■ GIVEN RECORDS
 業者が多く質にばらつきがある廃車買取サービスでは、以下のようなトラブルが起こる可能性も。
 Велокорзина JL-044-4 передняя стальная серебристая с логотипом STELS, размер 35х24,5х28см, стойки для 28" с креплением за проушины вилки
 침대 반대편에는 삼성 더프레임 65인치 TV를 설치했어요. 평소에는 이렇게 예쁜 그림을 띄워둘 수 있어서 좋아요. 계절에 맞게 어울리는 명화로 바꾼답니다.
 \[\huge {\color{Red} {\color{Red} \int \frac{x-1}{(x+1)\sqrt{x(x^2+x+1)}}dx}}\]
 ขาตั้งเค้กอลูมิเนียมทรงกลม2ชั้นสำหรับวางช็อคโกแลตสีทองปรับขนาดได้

* * *

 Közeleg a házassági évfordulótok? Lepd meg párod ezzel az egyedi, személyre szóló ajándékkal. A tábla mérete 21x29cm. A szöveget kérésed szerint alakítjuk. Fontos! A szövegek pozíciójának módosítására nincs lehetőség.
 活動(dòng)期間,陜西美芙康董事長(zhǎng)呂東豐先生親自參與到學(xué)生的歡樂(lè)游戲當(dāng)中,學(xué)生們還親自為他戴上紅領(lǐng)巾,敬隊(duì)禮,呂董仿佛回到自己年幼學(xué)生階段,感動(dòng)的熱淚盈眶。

■ ABOUT THIS EXERCISE
With the line holding "業者が多く質にばらつきがある" as the first and the line holding "ขาตั้งเค้กอลูม" as the last, set down that range of the entries above exactly, and nothing else.

■ RESULT BELOW
 業者が多く質にばらつきがある廃車買取サービスでは、以下のようなトラブルが起こる可能性も。
 Велокорзина JL-044-4 передняя стальная серебристая с логотипом STELS, размер 35х24,5х28см, стойки для 28" с креплением за проушины вилки
 침대 반대편에는 삼성 더프레임 65인치 TV를 설치했어요. 평소에는 이렇게 예쁜 그림을 띄워둘 수 있어서 좋아요. 계절에 맞게 어울리는 명화로 바꾼답니다.
 \[\huge {\color{Red} {\color{Red} \int \frac{x-1}{(x+1)\sqrt{x(x^2+x+1)}}dx}}\]
 ขาตั้งเค้กอลูมิเนียมทรงกลม2ชั้นสำหรับวางช็อคโกแลตสีทองปรับขนาดได้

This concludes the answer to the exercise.